One of the key “power skills” Erin highlights is empathy. While the construction industry may not initially seem like a field where the heart is crucial, she argues that it is essential when dealing with clients to understand their needs and deliver the best projects. She noticed a lack of empathy within construction teams, which sparked her mission to create an environment where everyone can thrive.

Erin defines empathy as understanding and accepting other people's perspectives, emotions, feelings, and opinions. She emphasizes that empathy is not about reaching agreement but about demonstrating understanding and acceptance.

Key Points from the Episode:

  • Importance of empathy in leadership
  • Erin's book “Inside Out Empathy”
  • ELF Solutions and its focus on leadership development training, coaching, and facilitation
  • Equipping leaders with “power skills” (soft skills)
  • Lack of empathy within construction teams
  • Definition of empathy as understanding and accepting others' perspectives, emotions, feelings, and opinions
  • Importance of understanding and acknowledging one's own emotions

About Erin Thorp:

Erin Thorp is an empathic keynote speaker, writer, and coach for leaders in high-stress industries. With 20 years of experience in male-dominated engineering and construction, Erin noticed a lack of emotional skills among technical leaders.

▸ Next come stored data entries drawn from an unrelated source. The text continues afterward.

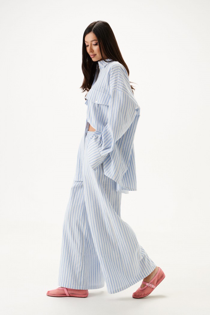 Брюки свободного кроя. Выполнены из хлопокового полотна.
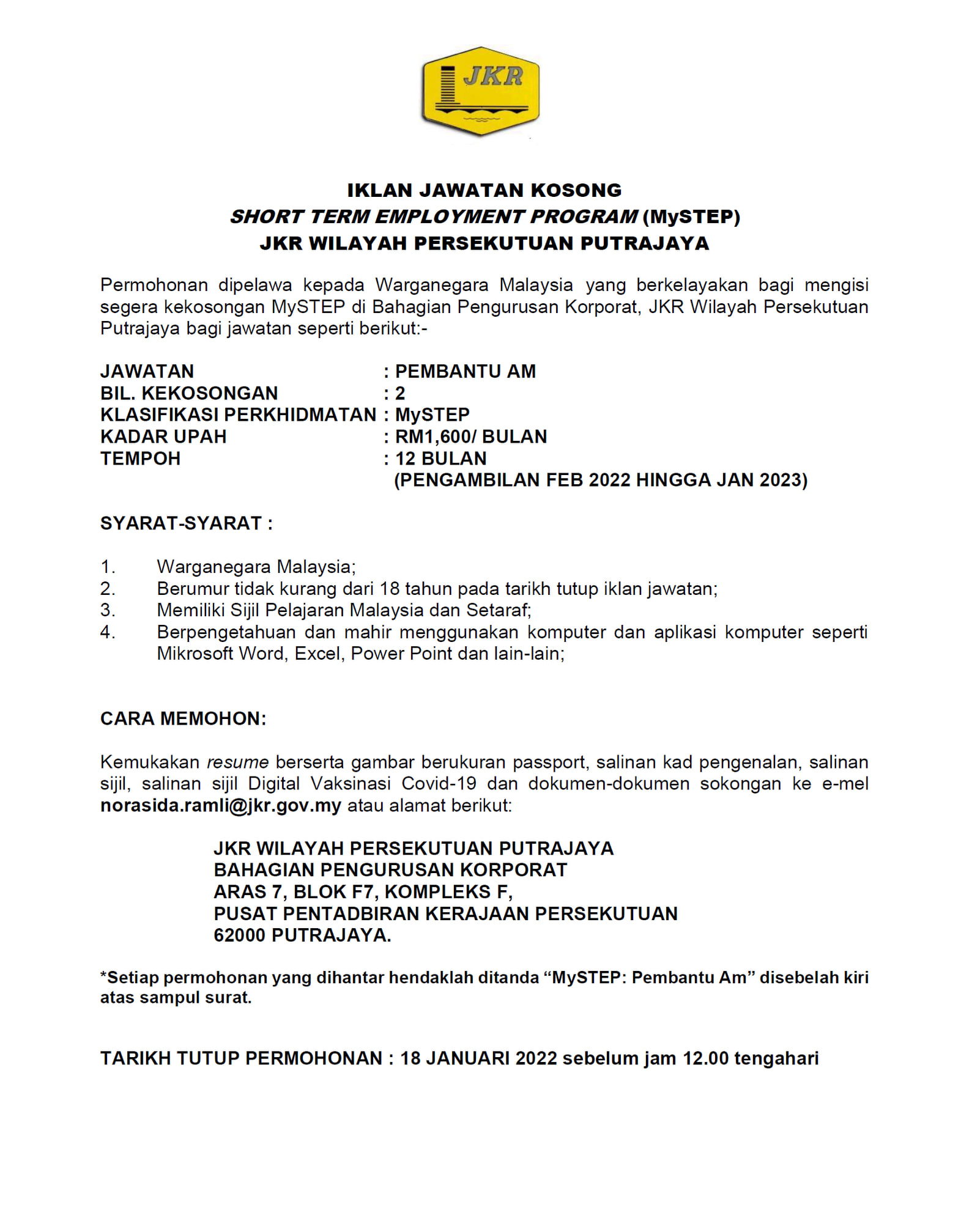 Iklan Jawatan Jabatan Kerja Raya (JKR)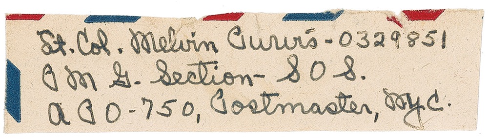 Fountain pen signature, “Lt. Col. Melvin Purvis - 032981, P M G Section - S O S., A P O - 70, Postmaster, NYC,” on an off-white 3.75 x 1 slip cut from a return address. In very good condition, with uniform toning and small tears (one passing through his name) repaired on the back with old tape. RRAuction COA.

This inspired her to focus on supporting leaders in navigating conflicts, communication, and performance during challenging times. She believes “soft” skills like empathy, vulnerability, and connection are essential for impactful leadership.

During the pandemic, Erin observed how leaders treated their employees and decided to address the issue herself. She now runs her leadership business full-time. Erin authored “Inside Out Empathy,” a book that explores using empathy to build effective teams, drawing from her career and experiences as a mother.

As a knowledgeable speaker and facilitator, Erin shares her expertise at various events and conferences, including those organized by the Vancouver Regional Construction Association, CCWESTT Conference, and Women Building Futures. She also conducts workshops and keynotes for corporations like WNORTH, Atlas Gas, ATCO Energy, Cenouvous Energy, and Schneider Electric.

Erin holds a Bachelor of Science in Civil Engineering from the University of Calgary. She is an Associate Certified Coach through Integral Coaching Canada and a Certified Mental Fitness Coach through Positive Intelligence.

Additionally, Erin is an authorized partner with The Wiley Brand and the Ken Blanchard Companies, certified to deliver DiSC, The 5 Behaviors, and SLII training. She resides in Calgary, Alberta, Canada, with her husband and three children and enjoys reading, outdoor activities, and cooking with her family in her spare time.

About ELF Solutions Inc:

Elf Solutions Inc. is a leadership consulting company that offers personal and professional development services to emerging leaders, professionals, business owners, and entrepreneurs.

Their services include 1:1 coaching sessions, keynote speaking engagements, and facilitated workshops. The company is known for its expertise in fostering leadership skills and helping individuals and teams thrive in their respective fields.

One of Elf Solutions' notable achievements is the authorship of the book “Inside Out Empathy.” This book highlights the underestimated superpower of empathy and its significance in building, developing, and inspiring strong and cohesive teams.

Through their coaching and workshops, Elf Solutions aims to equip clients with the essential tools to enhance their leadership capabilities, improve communication, and navigate challenges in high-stress environments.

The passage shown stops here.